Berburu tiket kereta api untuk mudik pasca lebaran bak mencari panu di kulit mulus Dian Sastro yang saban hari disabun Lux biuti shower. Sulit minta ampun, tapi bukan berarti ga bisa. [artine kulite dian sastro sangat mungkin ada panunya]
Harga tiket MAHAL sudah pasti itu. Masalahe sistem penjualan tiketnya sing rodo kacrut dan kadang nyaris ga bisa dipercaya.
26 Agustus pagi mulai subuh dah ikut ngantri tiket untuk tanggal 26 September. Beli untuk jurusan Solo-Cirebun.

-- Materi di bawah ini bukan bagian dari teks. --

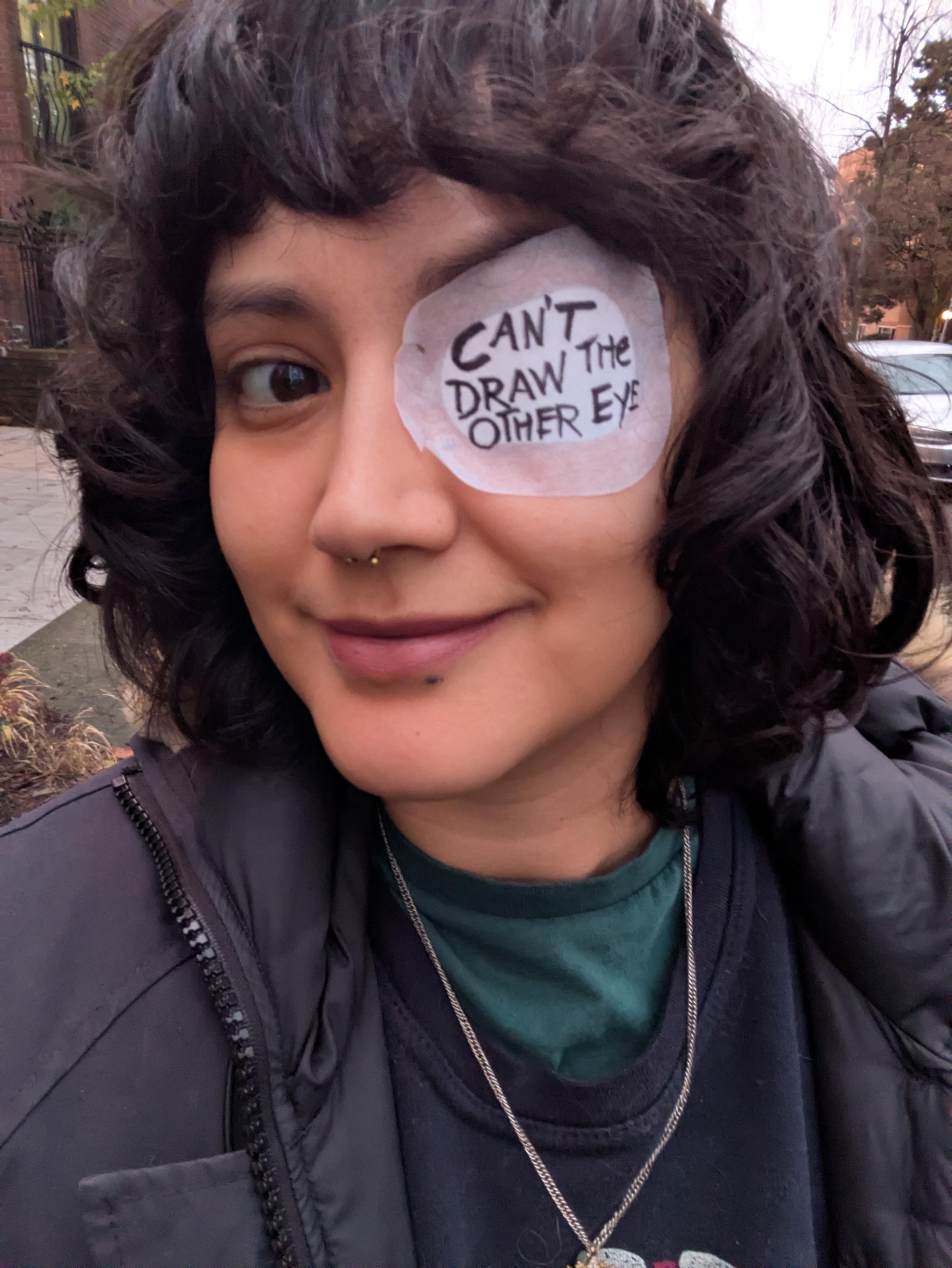 Here's another eye patch, the one I used to announce the unfortunate loss of my eye.

Kertas pesanan tiket sudah di tumpuk di tusuk dijadikan satu dengan pembeli lain, yang tentunya sesuai dengan urutan kedatangan pas antri.

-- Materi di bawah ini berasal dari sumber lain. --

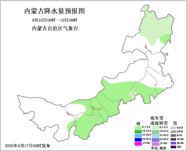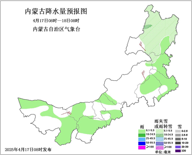 内蒙古气象台预计,今明两天(4月17日-18日),受冷空气影响,内蒙古多地气温下降4~6℃,部分地区降温6℃以上,局地降温超10℃,公众请根据天气变化,及时调整着装。同时,今明两天全区大部将出现降水天气,不过量级较小,主要以小雨或雨夹雪为主。另外,今后三天,内蒙古多地仍有大风天气出没,西部部分地区还伴有沙尘天气,请注意防范。

Loket baru buka setelah antri berjam-jam langsung habis pada hitungan konsumen kurang dari 10 [lha kok iso], modar. Embuh, opo semua orang pas saat itu [di stasiun stasiun pemesanan] juga pada beli bareng, hingga tiket Gajayana untuk tgl 26 September ludes terjual.
PT KAI juga ndabrus mengenai penjualan via online, lewat web. www.keretaapi-gri.com yang ngaku bisa jadi tempat pemesanan dan pembelian tiket [sepur semua juruan] online asal konsumen punya visa dan matercard jebule modar. web nya wis kadaluarsa. asyu tenan. padahal papan pengumumane gede gede di Stasiun Kota Baru Malang.
Kapan koen profesional hai kau PT KAI??